■ **Given data**
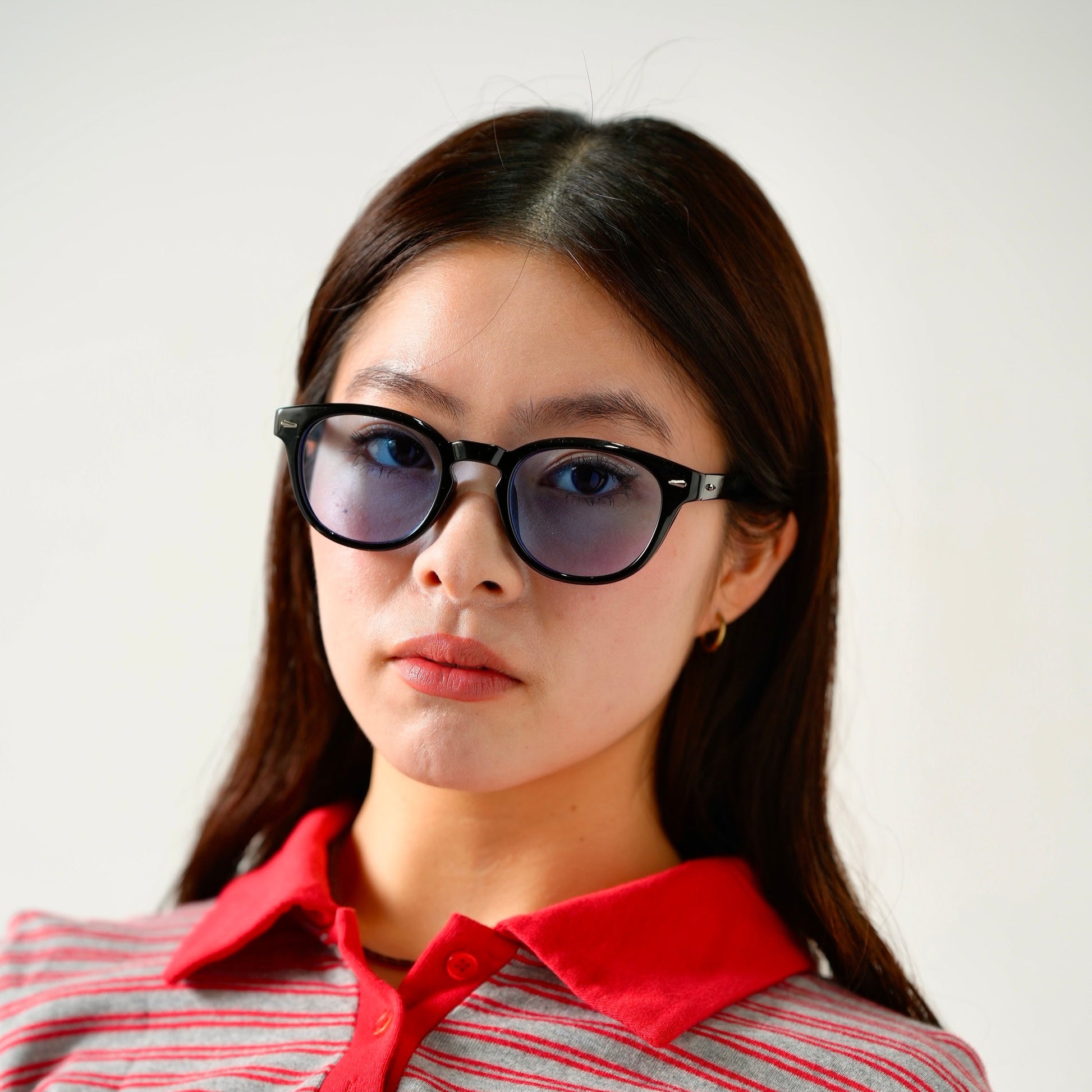 軽やかさとクールさを纏う「Ombre(オンブル)」──ブラックフレームにライトブルーのレンズを合わせた、洗練のウェリントンシェイプ。
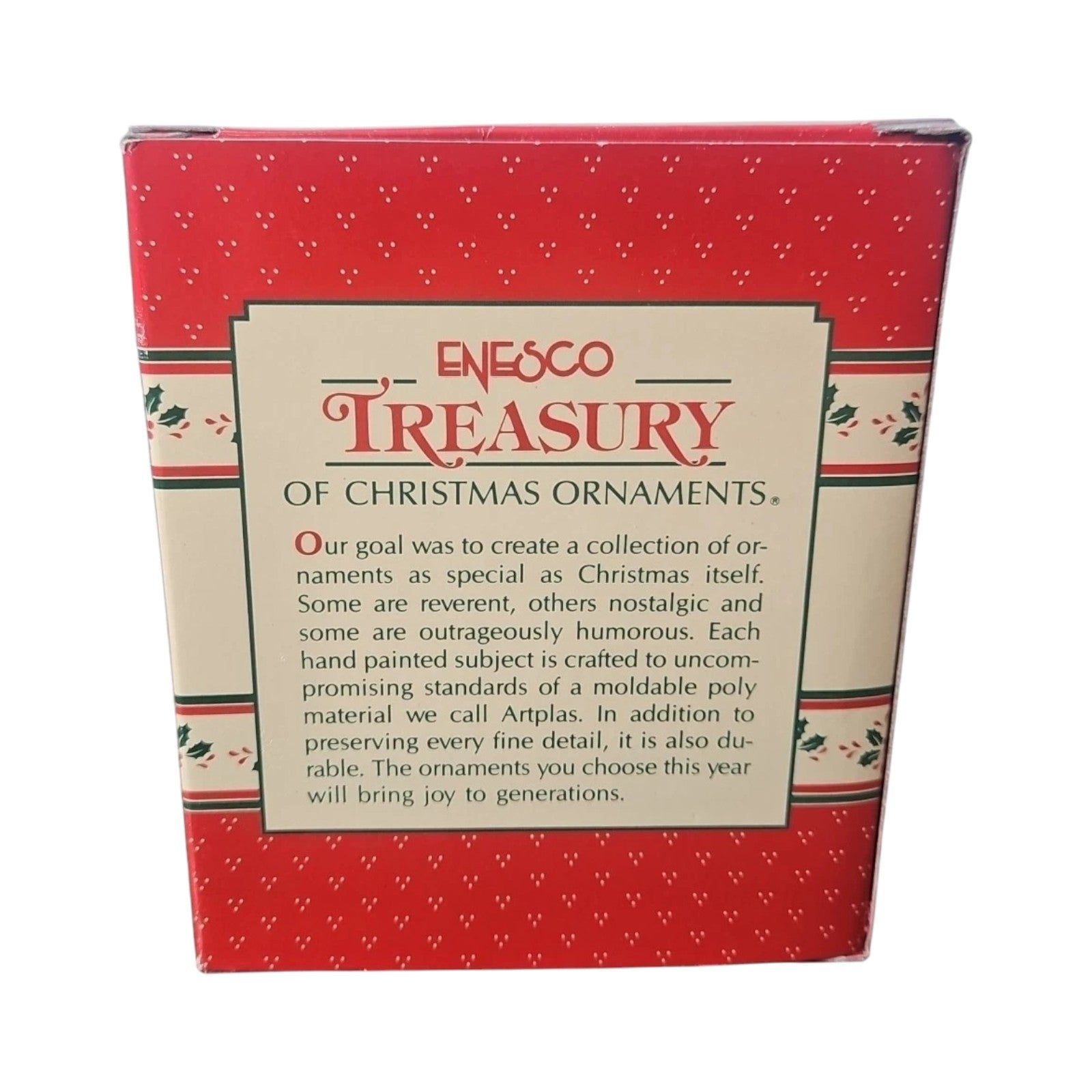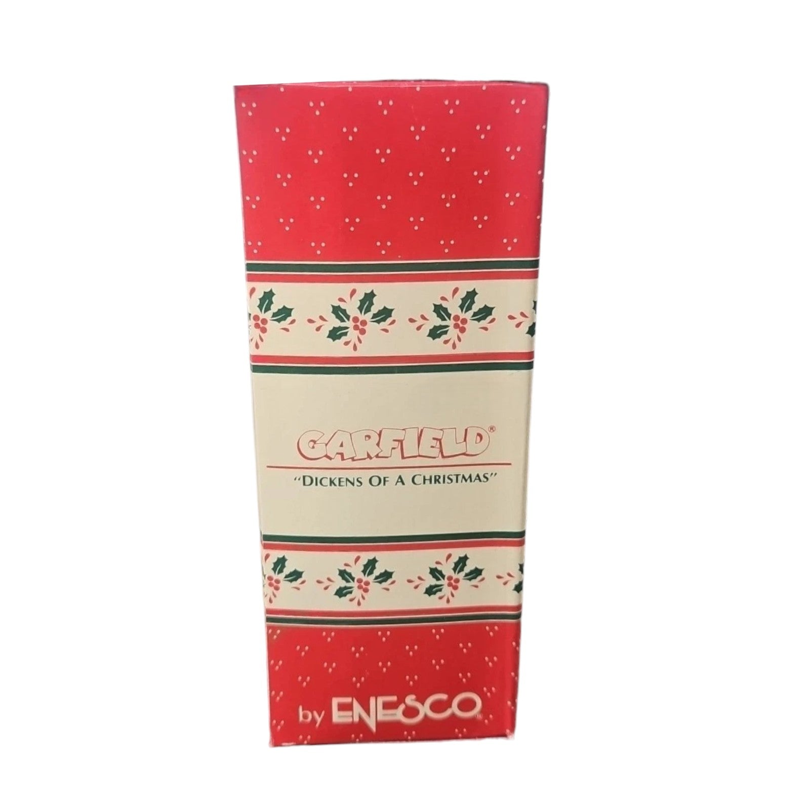 The 1991 “Scrooge With The Spirit” ornament features Garfield starring as Ebenezer Scrooge in a humorous holiday interpretation of A Christmas Carol. This third issue in the Dickens of a Christmas series shows Garfield dressed in classic Scrooge attire—top hat, nightshirt, or overcoat—holding a lantern, candle, or tiny holiday book as he begrudgingly embraces the Christmas spirit. The sculpt captures Garfield’s trademark expression: half-grumpy, half-amused, with bright hand-painted details and classic orange striping. The ornament is molded in resin/composite and originally came boxed with a hanging cord. It has no sound, motion, or lighting features.
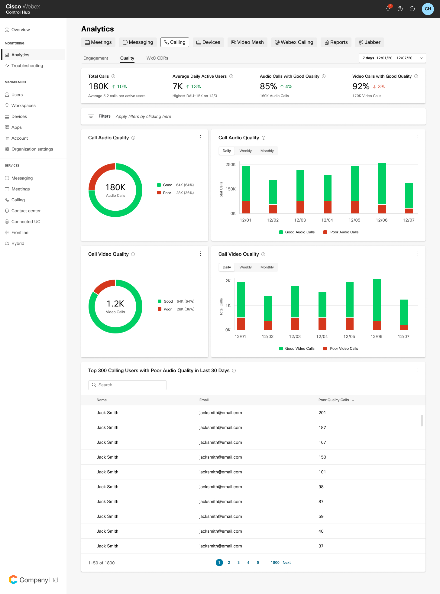 Em abril, o Webex Control Hub incluirá análises em tempo real para mensageria e chamadas estendendo a função para todo a suite de serviços.

■ **Instructions to follow**
Exclude the pictures and give back the rest of the data above exactly as written.

■ **Answer to the problem**
 軽やかさとクールさを纏う「Ombre(オンブル)」──ブラックフレームにライトブルーのレンズを合わせた、洗練のウェリントンシェイプ。
 The 1991 “Scrooge With The Spirit” ornament features Garfield starring as Ebenezer Scrooge in a humorous holiday interpretation of A Christmas Carol. This third issue in the Dickens of a Christmas series shows Garfield dressed in classic Scrooge attire—top hat, nightshirt, or overcoat—holding a lantern, candle, or tiny holiday book as he begrudgingly embraces the Christmas spirit. The sculpt captures Garfield’s trademark expression: half-grumpy, half-amused, with bright hand-painted details and classic orange striping. The ornament is molded in resin/composite and originally came boxed with a hanging cord. It has no sound, motion, or lighting features.
 Em abril, o Webex Control Hub incluirá análises em tempo real para mensageria e chamadas estendendo a função para todo a suite de serviços.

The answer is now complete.